Huys de Dohm


The Garden

Due to personal reasons the garden is closed as of 2010. A limited number of group visits by appointment only. 

The gardens at Huys de Dohm, which were laid out by Ineke Greve, clearly reveal the influence of English garden designers such as Gertrude Jekyll (1843 - 1932) and Vita Sackville-West (1892 – 1962). Pruned hedges, espalier trees and lawns form the architectonic structure of the 14 different themed gardens, which were created by degrees between 1980 and 2004. The gardens consist of various “rooms” the designs of which incorporate topiary and single-coloured borders as well as decorative rural elements such as a flower meadow and a vegetable garden. The inner courtyard was the first part to be created. It features yew sculptures and a square of lime trees between the house, stables and coach house.

Huys de Dohm

As in the case of Vita Sackville-West’s garden, Huys de Dohm has a white garden which radiates a special atmosphere in the evening by moonlight. The white garden, which dates back to the time when the garden was first created, was redesigned in October 2003. Its colour scheme was, however, retained. The cottage garden has a double border in “purple and pink” and was adapted in 2004. Today, it is called the “long border”. Its redesign “in classical style” suits the small castle, which dates from 1647. In addition, there is a silent garden, a rose garden and a spring avenue planted with bulbs.

Huys de Dohm

The gardens were extended after 1985 to include a blue-yellow pond garden, a seed and picking garden, a wildflower meadow with an undulating hedge, a woodland garden with a stream leading to a frog pond and attractive groundcovers, a working garden with a greenhouse and a garden planted with groundcovers and peony bushes. Despite the numerous fragments, each garden area forms a harmonious composition in which the combinations of flowering and foliage plants in the monochrome borders and the ‘flame garden’ reveal a high level of creativity. The wildflower meadow with its often tiny botanical species, the laborious care of which is frequently underestimated by non-specialists, also testifies to a solid knowledge of gardening and to refined taste.
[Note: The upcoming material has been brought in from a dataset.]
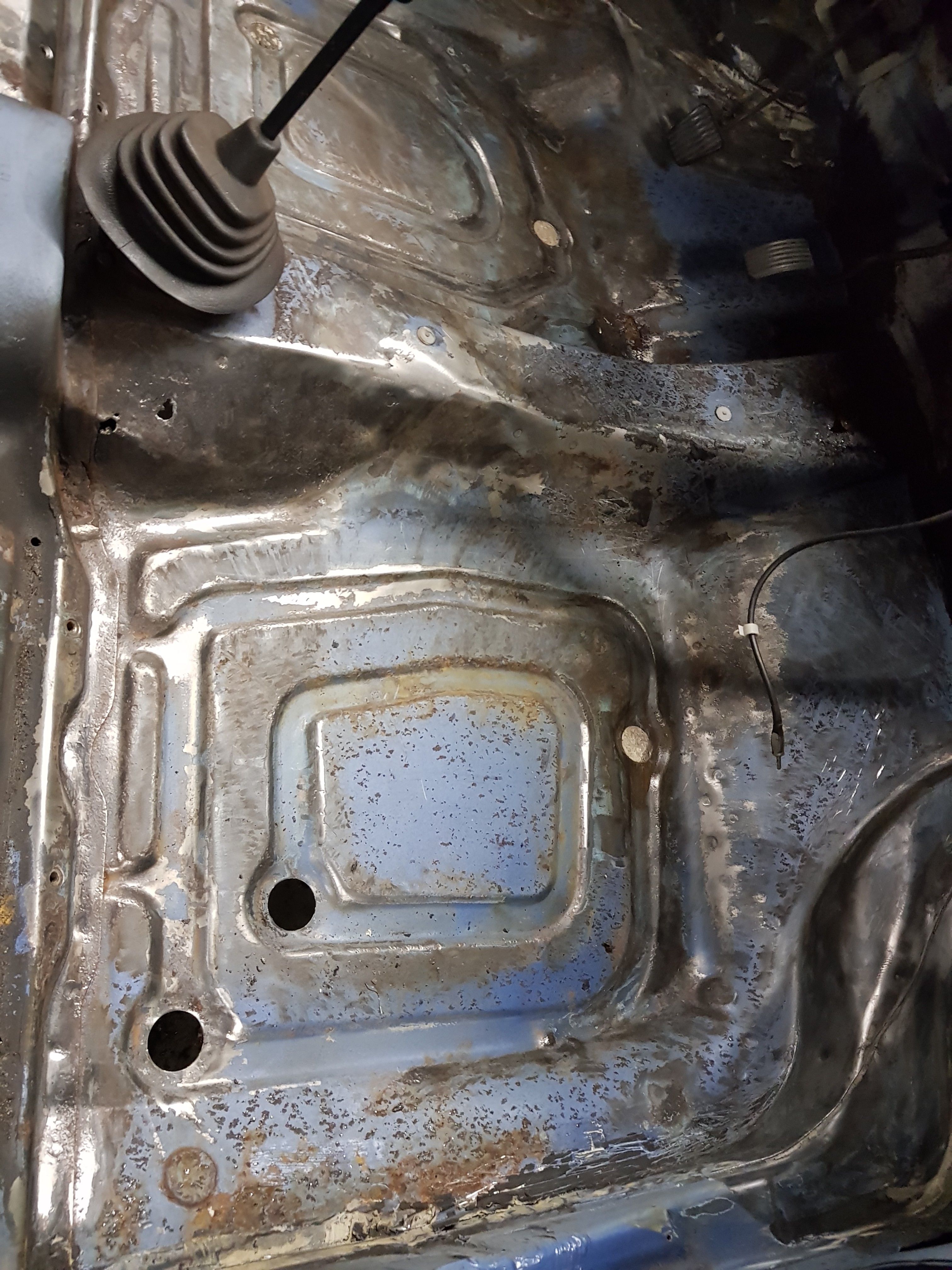 Auf der Fahrerseite werden wir nicht das komplette Boden tauschen, weil es auf den Bildern viel schlimmer aussieht als es wirklich ist. Ich werde trotzdem wo das Loch ist grossflächig rausschneiden und den hohlraum entrosten.

The undulating beech hedge retains the view of the bell tower while screening the meadow, thus ensuring that it does not disturb the harmony of the rest of the composition when flowering is over.

The Huys de Dohm gardens are classic examples of the ‘new gardening’ which has been practised in the Netherlands since the 1980s. Frequently those involved are self-taught women or couples who began gardening in their own villa gardens or on the former estates of disused historical farms.

Huys de Dohm

Over the years they have developed a high degree of artistic expressiveness and have become role models for other garden owners. ‘New gardening’ originates in the English cottage style of the early twentieth century. A change in thinking took place in the Netherlands after the seventies, during which purpose-oriented, easy-to-keep gardens or ecological gardens where nature was given as much free rein as possible had been promoted. Now the active design of nature was no longer taboo and gardens which required intensive work were no longer frowned upon. After the restoration and renovation of the buildings had taken place, the outside areas became the focus of attention.

Huys de Dohm

At the beginning of the 1980s, the range of plants on offer for interested gardeners was much less extensive than is the case today. Unusual herbaceous plants and scented roses could often only be obtained in England. Many pioneers of ‘new gardening’ found inspiration there. In line with the example of English gardens, private gardens in the Netherlands also began to be opened more and more frequently to the public.

It is striking how the cottage style has been developed in a particular way in the Netherlands. In England, this is often denoted as ‘Dutch gardening’.